I live and write on Lingít Aaní, and gratefully acknowledge the past, present and future caretakers of this beautiful place, the Jilkaat Kwaan and Jilkoot Kwaan.

It is the darkest day of the year, and in church we light the Advent candle for Love.

I am feeling so much love.

Just not the kind I want to, right now.

As my granddaughter says, I have a lot of feelings.

They say you can balance an egg upright on the equinox. If I were an egg, I’d be scrambled. Yesterday was a mad dash to prepare for today’s arrival of our daughter and her family (her husband and two little ones, three and five) and there is nothing I love more than a Christmas house with children in it who believe in magic. Of course, I am not really ready. I threw a lot of stuff into  closets and slammed the doors. I still need to scrub the bathtub.

And just now I  baked brown sugar brownies and made refrigerator cookie dough.

I planned to wait until the kids got here to bake with them, but  now they aren’t coming– today.

They decided not to take the little Solstice ferry from Juneau in rough seas and bitter cold, just in case it turned around, plus it would make the children so sick. They will be on the big ferry early Tuesday morning instead.

This is not a tragedy. I’d hate for the kids to associate a trip to grandma’s with wailing and puking. Still, I already miss them.

At handbell choir practice before church, I also missed every note of the second song, an arrangement of Angels we have Heard on High. When I picked up the B flat bell, I missed my mother, who is never visiting again on an ice-coated  ferry like she did when her namesake was born in Haines 41 Februarys ago. Mom is in Woodlawn Cemetery with my dad, grandparents and aunt. She made my sisters and me play the handbells in church when I was young. My bell then is that same B flat I play now. Then, after the service, old Doc Jones ( I think he’s 90?) said it was good to see me and I said it was good to see him too, and he said the same thing he always says, “It’s better to be seen than shown,” and I missed my father so much that I didn’t stay for coffee.

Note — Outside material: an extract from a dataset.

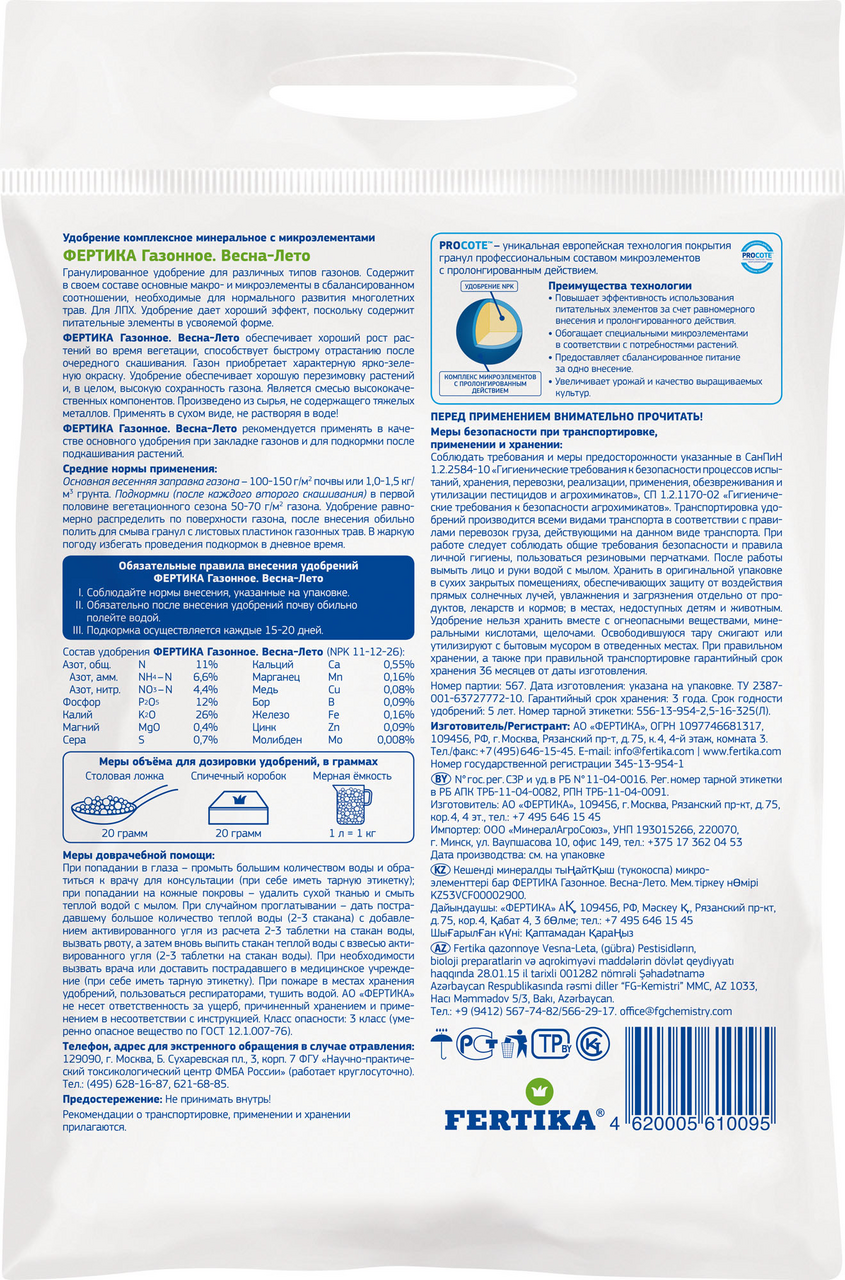 Полный гранулированный комплекс минералов и необходимых микроэлементов. Усиливает вегетацию и интенсивность окраски травы, ускоряет рост после стрижки, формирует плотный изумрудный газон в течение всего теплого сезона. Способ применения: удобрять газон рекомендуется перед посевом, а затем после каждой второй стрижки (раз в 15-20 дней) в течение весны и лета. Гранулы вносят в почву только в сухом виде, после чего обязательны обильный полив и смывание препарата с листовых пластинок. При расчете расхода удобрения необходимо руководствоваться инструкцией.

It doesn’t help that Papa Bob died in our house, on the couch, after dinner on Christmas Eve four years ago. (And, no it was most likely a stroke, not my cooking.)

Love comes at Christmastime all wrapped up with both hope ( for peace, a better world)–  and memories. And feelings. Lots of feelings.

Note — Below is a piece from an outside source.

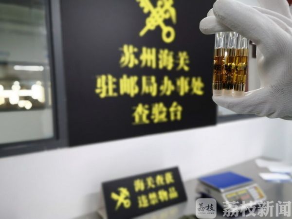 也是在最近,南京海关所属苏州海关在美国进境邮件中查获含毒品大麻油烟嘴3支,净重31.8克。这是2019年以来苏州海关查获的第10起大麻类毒品走私入境案件。

And don’t get me wrong, there were plenty of bright spots today. Chip said the Davis family brass quintet was “worth the price of admission,” (it’s his running joke about church, which is free )–The light is returning, slowly. Tomorrow will be lighter.  This is the way the big old wheel of life is supposed to turn. Dark to light, light to dark. Stars in the black sky. Sunrise, sunset.

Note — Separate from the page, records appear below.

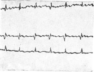 У 52 человек недостаточность кровообращения развилась на фоне давно существующей мерцательной аритмии, у 4 недостаточность кровообращения выступила с появлением мерцания. Во всех случаях была тахиаритмическая форма мерцания с частотой пульса ПО—140 и большим дефицитом (12—40).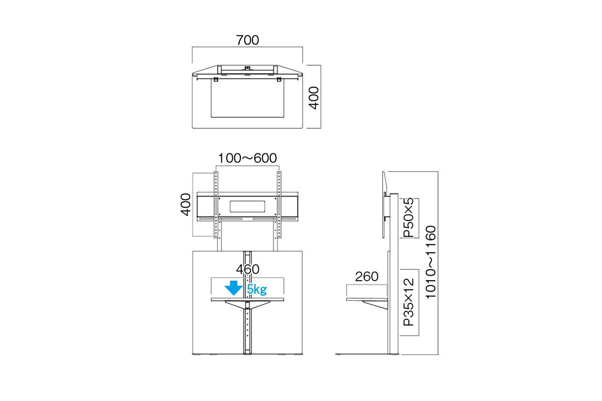 ●外形寸法:幅 700 × 奥行き 400 × 高さ 1010 (mm)質量:約23.5kg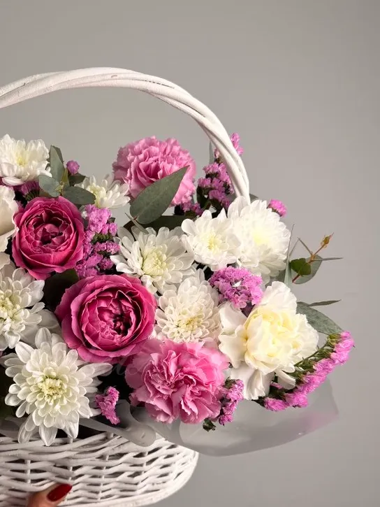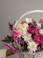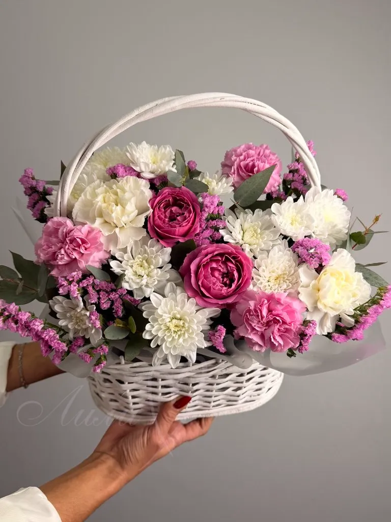 Корзина «Ариэль» — это изысканное сочетание свежих цветов, отлично подходящее для подарка или украшения интерьера. Этот букет украсит любой дом или офис, наполнив пространство свежестью и светлой энергией.

There was a poem at the beginning of that solstice meditation, the one I did yesterday, that explains this better than I can.  Here it is for you, with love–

Darkness
By Wendell Berry

To go into the darkness with a light, is to know the light.
To know the dark, go dark. Go without sight,
and find that dark, too, blooms and sings,
and is traveled by dark feet and dark wings.